The Securities Industry and Financial Markets Association (SIFMA), along with the SIFMA Asset Management Group are among 26 associations urging the Securities and Exchange Commission (SEC) not to adopt the proposed safeguarding advisory client rule.
The trade associations contend that the proposal adversely affects the market participants by creating requirements that are duplicative and inconsistent with existing safeguards enforced by the Commodity Futures Trading Commission (CFTC), federal banking agencies, and state insurance regulators.
“We support the Commission’s goal of ensuring high levels of investor protection, including the safety of client assets from potential misuse or loss. However, in its current form, the proposal is in conflict with that goal as it will result in a myriad of negative impacts on investors including their access to various assets and markets with well-established rules and procedures,” the organizations wrote in the letter. “As such, we strongly urge the Commission not to adopt the proposal in its current form,” the organizations wrote in a letter to SEC Chair Gary Gensler.

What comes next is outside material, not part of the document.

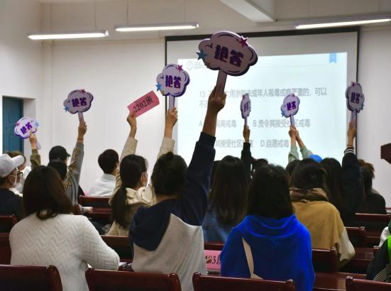 此次竞赛由20—22的班级派出员工代表参加。竞赛分别设有个人必答、团队必答、团队抢答、加时赛四个环节。每个环节同学们都踊跃回答问题,不仅对毒品的分类、毒品的特点有所了解,还对禁毒法的成文条例有所涉猎,并能在具体的情境中做出正确的判断。
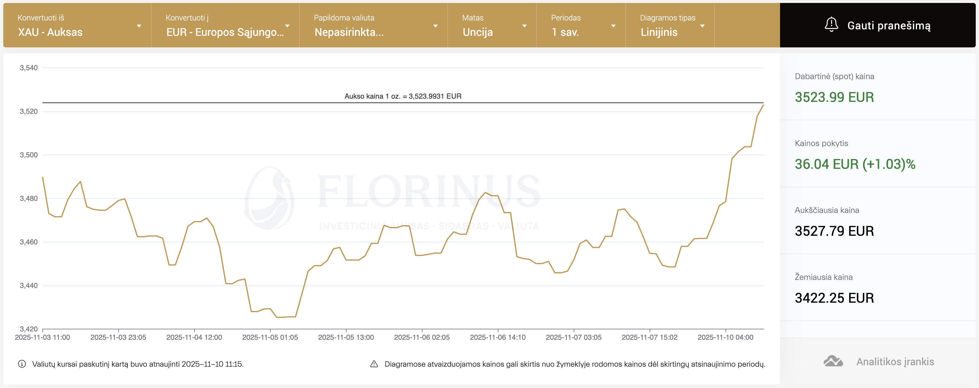 Ypač ryškiai matoma Lenkijos pozicija. Spalio mėnesį Lenkijos centrinis bankas papildė rezervus dar 16 tonų aukso – tai pirmas reikšmingesnis pirkimas nuo gegužės. Šiuo metu šalies aukso atsargos siekia 530 tonų, o tai sudaro apie 26% jos oficialių rezervų. Lenkija jau ne vienerius metus vykdo aiškią ir ilgalaikę politiką didinti fizinio aukso dalį nacionaliniuose rezervuose, siekdama, kad ši dalis pasiektų bent 30%. Tokia strategija aiškiai rodo norą stiprinti šalies finansinį atsparumą ir mažinti priklausomybę nuo valiutinių rezervų svyravimų.

Along with SIFMA and SIFMA Asset Management Group, the letter was signed by ABA Securities Association, American Bankers Association, Alternative Investment Management Association, American Council of Life Insurers, Association for Financial Markets in Europe, Bank Policy Institute, Commercial Real Estate Finance Council, Committee of Annuity Insurers, Committee on Capital Markets Regulation, Commodity Market Council, Financial Services Forum, Financial Services Institute, Futures Industry Association, Institute for Portfolio Alternatives, Insured Retirement Institute, International Swaps and Derivatives Association, Investment Company Institute, Loan Syndications and Trading Association, Managed Funds Association, Money Management Institute, NAREIT, National Society of Compliance Professionals, the Real Estate Roundtable, and the U.S. Chamber of Commerce Center for Capital Markets Competitiveness.